Um JH, Kwon JK, Kang CD, Kim MJ, Ju DS, Bae JH, Kim DW, Chung BS, Kim SH. Relationship between Antiapoptotic Molecules and Metastatic Potency and the Involvement of DNA-Dependent Protein Kinase in the Chemosensitization of Metastatic Human Cancer Cells by Epidermal Growth Factor Receptor Blockade.

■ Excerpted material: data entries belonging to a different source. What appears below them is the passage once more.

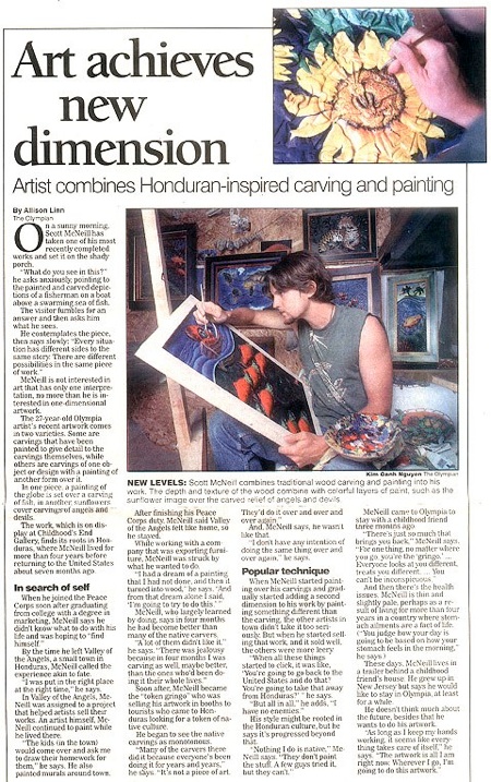 McNeill, who largely learned by doing, says that in four months had become better than many of the native carvers. …Soon after McNeill began selling his artwork in booths to tourists who came to Honduras looking for a token of native culture. He began to see the native carvings as monotonous. …"I don’t have any intention of doing the same thing over and over again," he says.
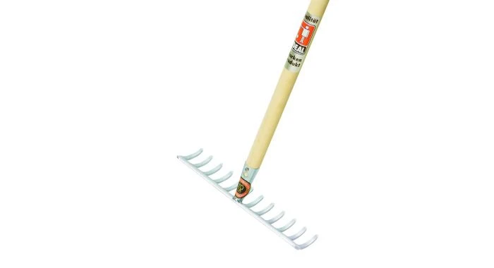 Hark met gebogen tanden. Aantal tanden zijn afhankelijk van de maat. Ideal Hark Gebogen 16-T Verz. E170
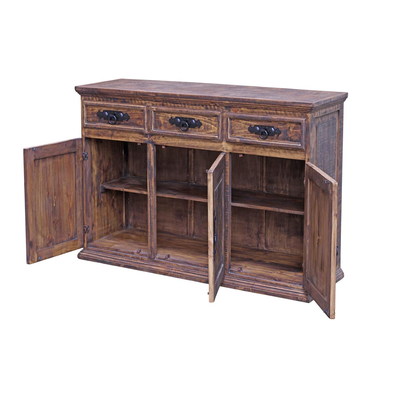 Three 20-inch cabinets and three drawers provide you with plenty of storage space in the beautiful and affordable Small Stirrup Credenza. It can be placed along a wall in any room or entry area. Made in Mexico by skilled craftsmen, this lovely Small Stirrup Credenza is built of solid pine, and adorned with hand-forged matte black pulls.
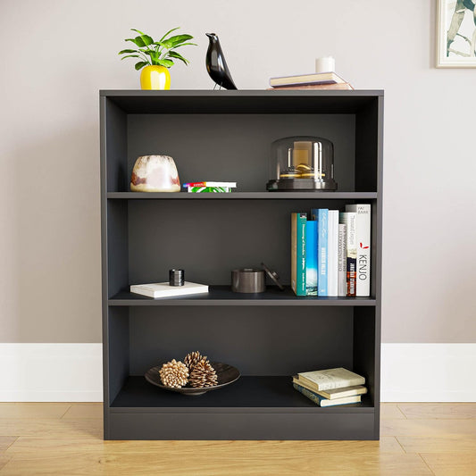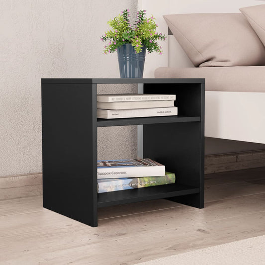 Modern Bedside Table with Storage Shelves - Black
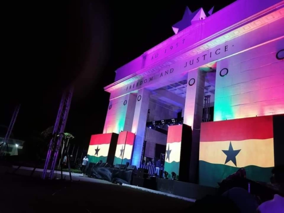 Set up with images of the glowing flag of Ghana under very bright lighting, the Independence Arch, a symbol of the nation's independence from colonial rule is set for the concert.
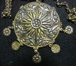 AZ024 ペンダント(純銀メダリオン) SOLD ゴールドトーンに表面処理された純銀(800)製メダル・タイプの丸型ペンダントです。 鋳型で出来ていてずっしりとしています。 模様のデザインは花をあしらったサンバーストで凝ったデザインです。 存在感がありますので派手目のおしゃれにどうぞ。 キズやヨゴレなどなくとても良い状態です。 直径65mm、クサリ長さ600mm。 ★★★★
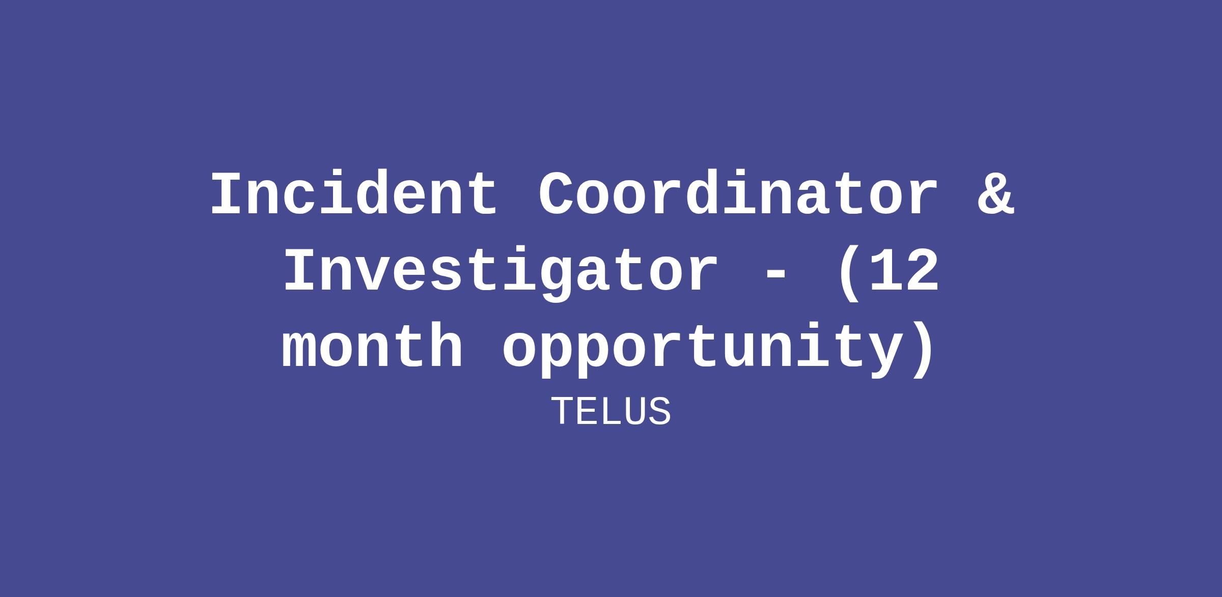 The TELUS Data and Trust Office (DTO) is seeking an Incident Coordinator and Investigator to join our team. This role will involve day-to-day coordination and management of critical privacy, data and AI incidents across all of TELUS globally, and will assist the DTO team lead in conducting investigations.
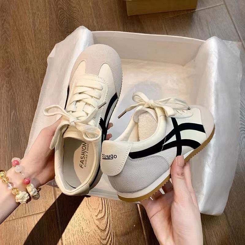 Sepatu Casual Wanita Sneake Kets Kasual Kulit Datar Putih Anti Selip ST096
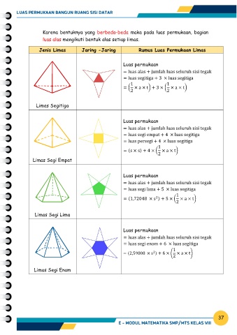Karena bentuknya yang berbeda-beda maka pada luas permukaan, bagian
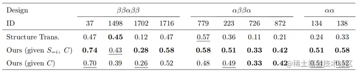 许教授团队使用 Rocklin 团队的深度突变扫描数据评估他们的模型在预测单点突变对蛋白质稳定性的影响。在上表中,研究人员观察到该模型可以提高8种从头设计的小蛋白质的稳定性预测,并且在9个测试蛋白质上优于以前文献报道的Structure Transformer。
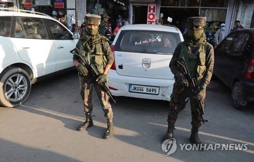 epa09534165 Female Indian paramilitary soldiers stand guard during surprise frisking in main city center Lal Chowk in Srinagar, the summer capital of Indian Kashmir, 20 October 2021. Security has been beefed up in Indian Kashmir following the killings of non-local labourers. Eleven civilians, including five non-locals and three minority community members have been killed by unidentified gunmen in targeted attacks during the past two weeks. EPA/FAROOQ KHAN
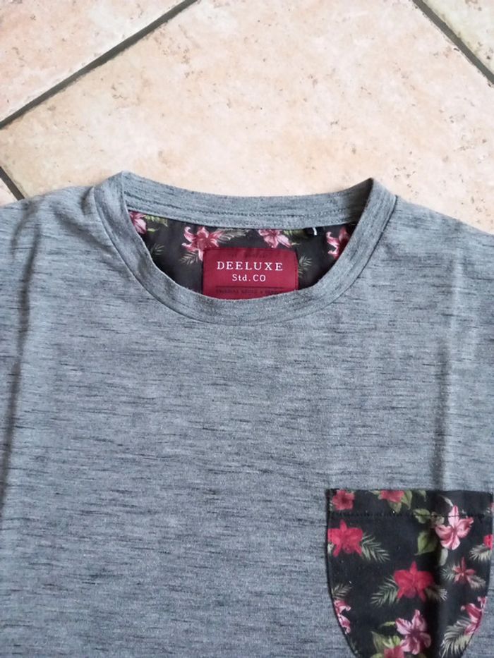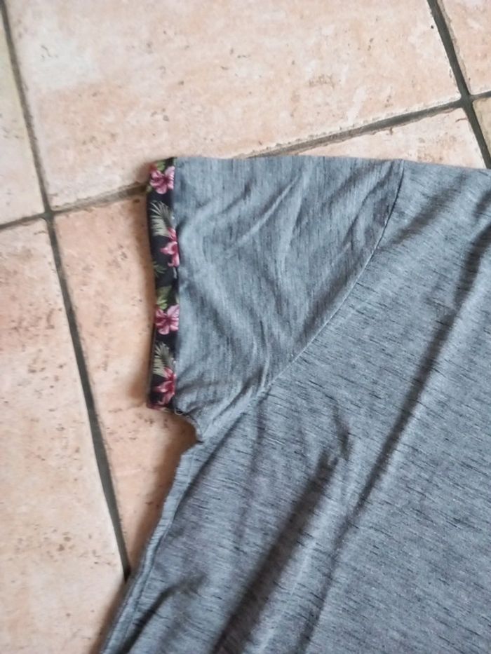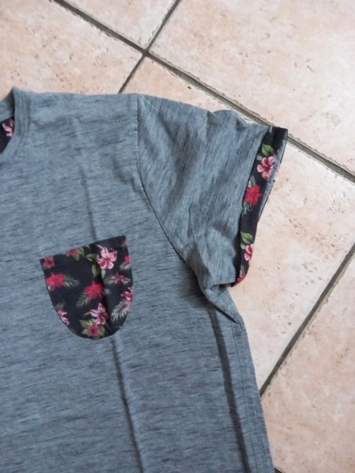 Joli Tee-shirt gris chiné avec poche fleurie et bord des épaules

J Pharmacol Exp Ther 2004;
311:1062-70. [PMID:
15273254 DOI:
10.1124/jpet.104.070938]
[Citation(s) in RCA: 34] [Impact Index Per Article: 1.7] [Reference Citation Analysis] [Abstract] [MESH Headings] [Track Full Text] [Journal Information] [Subscribe] [Scholar Register] [Indexed: 11/22/2022] Open
Abstract
The failure to treat metastatic cancer with multidrug resistance is a major problem for successful cancer therapy, and the molecular basis for the association of metastatic phenotype with resistance to therapy is still unclear. In this study, we revealed that various metastatic cancer cells showed consistently higher levels of antiapoptotic proteins, including Bcl-2, nuclear factor-kappaB, MDM2, DNA-dependent protein kinase (DNA-PK), and epidermal growth factor receptor (EGFR), and lower levels of proapoptotic proteins, including Bax and p53 than low metastatic parental cells. This was followed by chemo- and radioresistance in metastatic cancer cells compared with their parental cells. EGFR and DNA-PK activity, which are known to be associated with chemo- and radioresistance, were demonstrated to be mutually regulated by each other. Treatment with PKI166, an EGFR inhibitor, suppressed etoposide-induced activation of DNA-PK in A375SM metastatic melanoma cells. In addition, PKI166 enhanced markedly the chemosensitivities of metastatic cancer cell sublines to various anticancer drugs in comparison with those of low metastatic cancer cells. These results suggest that the activities of DNA-PK and EGFR, which is positively correlated with each other, may contribute to metastatic phenotype as well as therapy resistance, and the EGFR inhibitor enhances the effect of anticancer drugs against therapy-resistant metastatic cancer cells via suppression of stress responses, including activation of DNA-PK.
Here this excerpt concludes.